Initially, the plan might mean a switch of spending priorities towards the NHS. But if it proved popular, some cabinet ministers might support an actual rise in income tax if they knew the money was ring-fenced for the health service.

In a little-noticed aside during a speech to the Institute for Public Policy Research last December, Alan Milburn, the Secretary of State for Health, said: "If hypothecation is desirable as a way of connecting spending with services, it is possible to do this through hypothecated taxation."

Mr Milburn's predecessor, Frank Dobson, called last month for the £13bn to be topped up through "a special NHS tax of 1p or 2p in the pound" a year. In this financial year, that would raise £2.06bn or £4.12bn.

Gordon Brown, the Chancellor, still needs convincing, but he has already ended the Treasury's long-standing hostility to hypothecation, by earmarking money from cigarette duties for the NHS and channelling revenue from above-inflation increases in fuel duty into public transport and roads.

Ministers believe health will need another boost after the three-year plan ends. The Treasury has begun a study on how medical advances and demographic change, including people are living much longer, will put pressure on the NHS.

Further pressure for an "NHS tax" is expected in October from a Commission on Taxation and Citizenship set up by the Fabian Society, a Labour think-tank which has already helped persuade the Government to change its stance on taxation. Tony Blair, who previously believed tax cuts were priority, has now said Labour's plans to boost public spending and the Tories' demands for tax cuts will be one of the key dividing lines at the next election.

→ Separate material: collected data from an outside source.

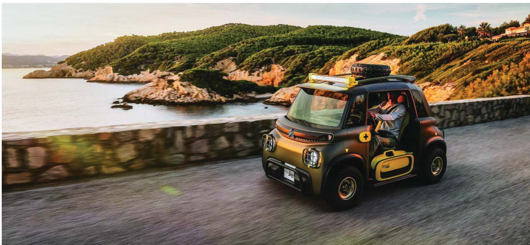
Este vehículo cien por cien eléctrico tiene una autonomía de 70 kilómetros y se puede cargar en un enchufe doméstico
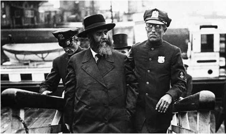
Josze Jichak Schneerson, a 6. lubavicsi Rebbe megérkezik Amerikába

Látogatása alatt egy újságírónak a következő nyilatkozatot adta, melyet a Zsidó Ujság is lehozott:
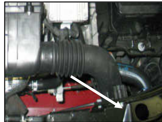
Fig. # 2
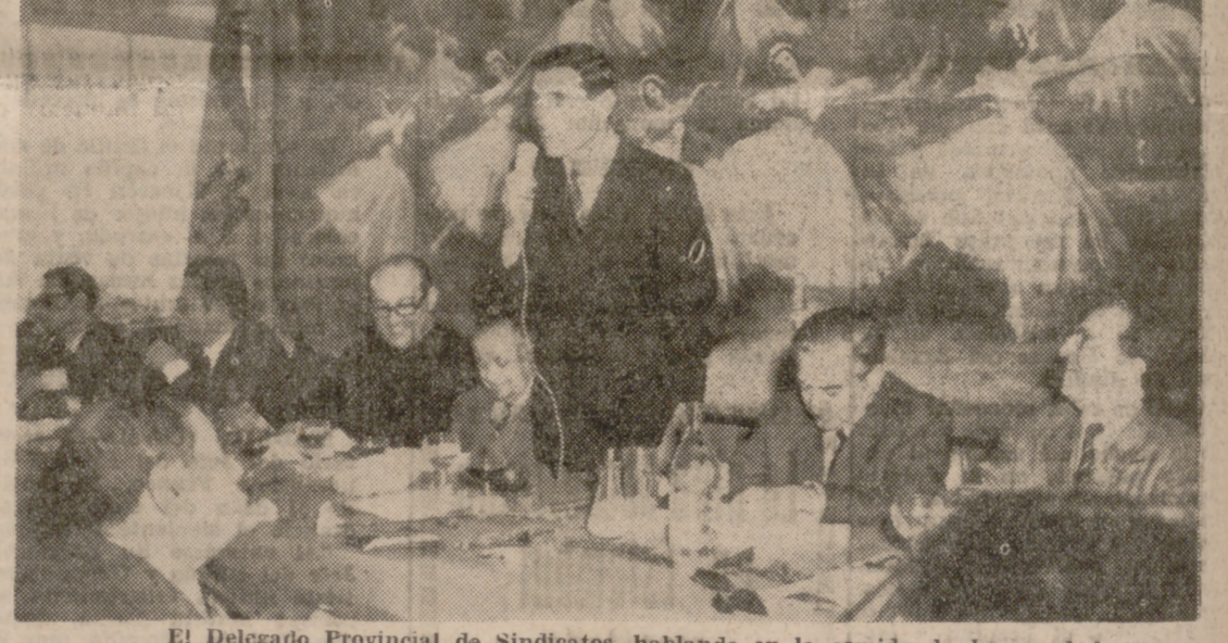
El Delegado Provincial de Sindicatos, hablando en la comida de hermandad.
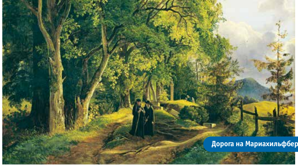
Дорога на Мариахильфберг
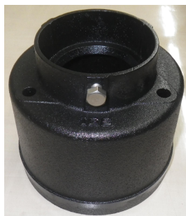
カチオン電着塗装
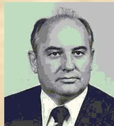
Генсек ЦК КПСС 1985-1991, Президент СССР 1990-1991 М.С.Горбачев
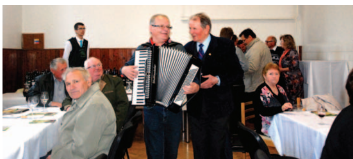
♦ Na záver nechýbala dobrá nálada, ktorú sa sanžil spestriť harmonikár.
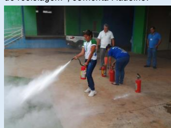
O simples uso periódico do extintor de incêndio mantém os colaboradores da brigada em permanente prontidão
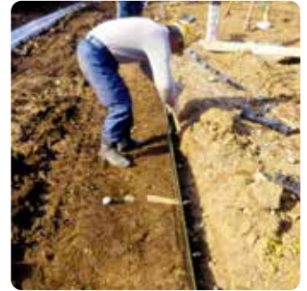
② 墨糸に沿ってアンカー打ちして位置を決めます。
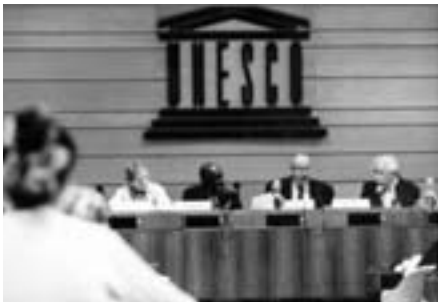
Lancement du dialogue philosophique interrégional entre l'Asie et le monde arabe. Siège de l'UNESCO, Paris 16 et 17 novembre 2004.

En conformité avec la vocation de la Stratégie intersectorielle concernant la philosophie, les dialogues philosophiques interrégionaux seront poursuivis entre d'autres régions du monde, de façon alternative et seront mis en œuvre avec toujours la même exigence : celle de créer des liens entre les philosophes, là où ils n'existent pas et de renforcer ceux qui existent.
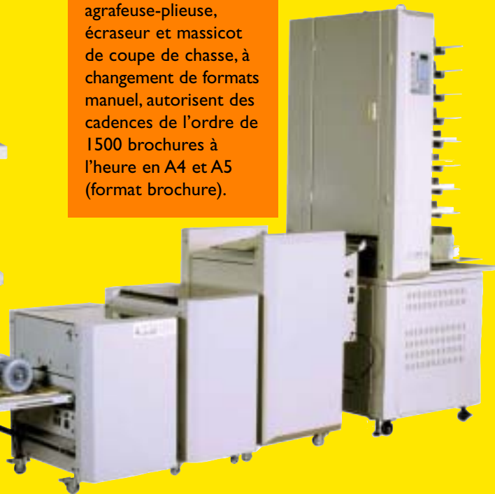
Kastrim Kaspress Kasfold 5000 UC 8000

Pour des volumes plus importants et pour plus d'automatisme (changement de formats) les modules USF 3100 et UT 3100 représentent l'aboutissement de l'expertise d'UCHIDA dans ce domaine.
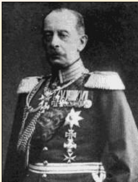
Альберт фон Шлиффен

стратегический план командования Германской империи, который был разработан в начале XX века, чтобы одержать быструю победу в Первой мировой войне на Западном фронте в войне с Францией, и в войне с Россией на Восточном. В последующей, измененной вариации, план был предназначен для победы в течение первого месяца Первой мировой войны; но неудачные изменения первоначального плана, некоторые тактические просчёты, а также на удивление быстрое наступление русской армии завершило немецкое наступление, и вылилось в годы позиционной войны.
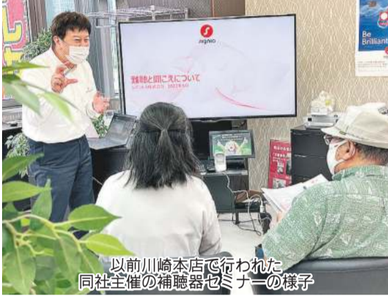
以前川崎本店で行われた同社主催の補聴器セミナーの様子

店舗はJR川崎駅東口の本店のほか、横浜市西区の横浜新都市ビル(そごう)9階に「横浜プレミアムラウンジ」も。購入時に来店が難しい場合は在宅訪問サービスも利用でき、スタッフが自宅や施設、病院な
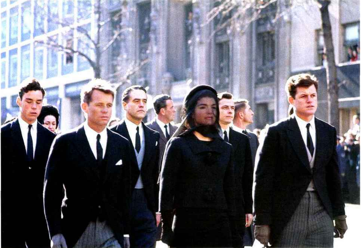
Les funérailles de John F. Kennedy (ci-dessus), le 25 novembre 1963. Une image reprise ensuite par Andy Warhol dans son tableau « 16 Jackies ». Ci-dessous : « Jane Fonda, New York, 1963 ». L'actrice américaine est une des nombreuses célébrités « capturées » par l'objectif unique du photographe français.
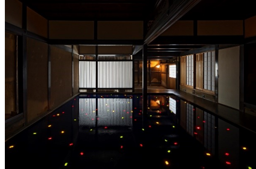
家プロジェクト「角屋」宮島達男「Sea of Time '98」
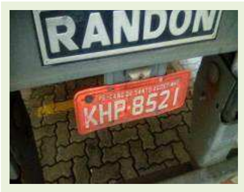
SEMI REBOQUE MARCA RANDON MODELO RANDON SR FD CG ANO 2008 ANO MODELO 2008 COMPRIMENTO 15 M | Item: 579 |
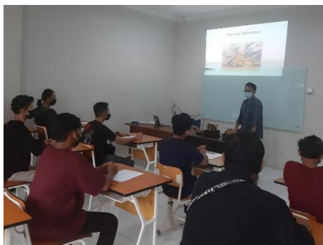
Gambar 1. Pemberian materi teori perawatan unit alat berat
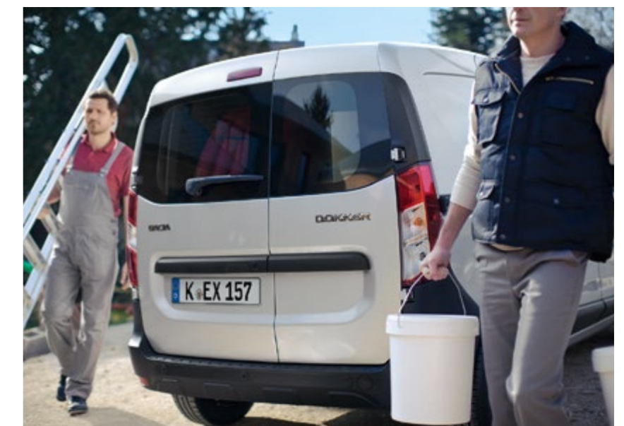
Abbildungen zeigen Sonderausstattung.

The commission is likely to recommend a three-point plan to "reconnect" the people with the way their taxes are spent. Its proposals will include independent auditing of the Government's performance by anew watchdog, and a call for every citizen to be sent an annual statement giving a breakdown of their taxes.

Thirdly, the Fabians' commission is expected to propose earmarking income tax for the NHS. It is considering either a 2p tax or a more radical option under which the entire health budget would be financed by a highly visible "health tax". Income tax, which would fund the rest of public spending, could then be cut sharply. The commission is expected to reject cuts in income tax on top of the 1p reduction last April.